Angefangen hatte die Aktion vor knapp zwei Jahren in Stade, mit einer Ausstellung von Meese /Richter über die toten Knochen eines Erzbischofs, die der mit Richter befreundete Stader Stadtarchäologe Andreas Schäfer ausgegraben hatte. Die Ausstellung ging von Stade nach Berlin, Freiburg, Rosenheim, bei jeder Station gab es ein Happening mit Meese und Richter, bei dem neue Kunst entstand, die in die Ausstellung integriert wurde.

„Wie viele Werke sind neu entstanden?“, fragt eine Frau in Kostüm, die eine Wolke von Parfumduft hinter sich herzieht. Daniel Richter, in Turnschuhen und altem T-Shirt: „1842. 1112 haben wir wieder vernichtet, 30 verliehen und zwölf gegen Schmalzbrote getauscht.“ Meese, in Trainingsjacke, nuckelt währenddessen an der Hand eines Skeletts, die Fotografen halten drauf. Wenig später tropft blaue Farbe von dem Skelett. „Ihhh“, sagt Meese, „das tropft ja“. Wir lernen: Kunst ist ein Prozess, sie geht immer weiter.

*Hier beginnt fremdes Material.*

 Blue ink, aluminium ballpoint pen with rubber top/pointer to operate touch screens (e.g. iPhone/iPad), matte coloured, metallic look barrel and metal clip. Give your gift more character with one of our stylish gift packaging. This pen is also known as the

Meese und Richter inszenieren sich als Buddies, die sich einen Spaß mit der Fotografen- / Journalisten- / Kunstmenschenmeute machen, von der sie hochgejazzt werden, denn: hey! – es ist doch nur Kunst. Die Ausstellung wirkt extra schludrig hingepfuscht, Kunststoffskelette sind in Glasvitrinen gerammt worden, Bananenschalen signalisieren eine Feuerstelle, denn es geht ja nicht bloß um den toten Erzbischof, der auch da liegt in seinem Steinsarg. Es geht um Archäologie überhaupt, um Spuren und ihre Interpretation. „Archäologie macht mich spitz wie Lumpi“, sagt Meese, der durch den prähistorischen Saal des Museums schießt, vorbei an einem ausgestopften Rentier, und die Meute hinter sich her zieht.

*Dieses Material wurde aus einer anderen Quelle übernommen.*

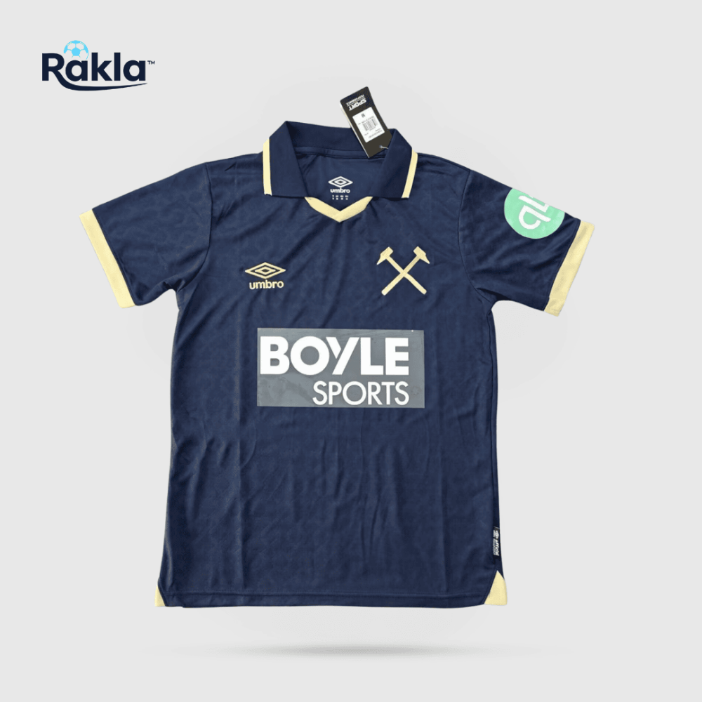 - الشعار: شعار نادي وست هام وشعار الشركة المصنعة "Umbro" مطبوعان بجودة عالية، بالإضافة إلى شعار الراعي BoyleSports.

„Bitte erklären Sie“, „Bitte sagen Sie“, das ist das Spiel, und Meese und Richter sind angetreten, den Fragern die Zunge rauszustrecken. „Diktatur der Kunst“ steht auf einem Schild, das mitten im Raum auf einem Pfeiler angebracht ist, vor dem Pfeiler macht Meese Liegestützen. „Der kann das ja“, sagt eine Frau überrascht, in ihrer Stimme schwingt Bewunderung mit.

Vielleicht ist es ja so, dass sich Richter, Jahrgang 1962, und Meese, Jahrgang 1970, vorgenommen haben, den Kunstbetriebsrummel um ihre Person so lange zu persiflieren, bis er zusammenbricht. In dem Raum, in dem auch die Kopien der Knochen des Erzbischofs liegen, hängen an den Wänden rosa Kleksbildchen, „Daniel + Jonathan“ steht auf einem. Auf einem anderen ist ein großes Sperma zu erkennen, das sich über ein kleines beugt und „Achtung!“ sagt. Auch eine Möglichkeit, das Thema der Vergänglichkeit zu illustrieren, mit dem Archäologie ja auch zu tun hat. „Man muss damit spielerisch umgehen, sonst ist es zu bedrückend“, sagt Meese, und kurz wirkt er nachdenklich.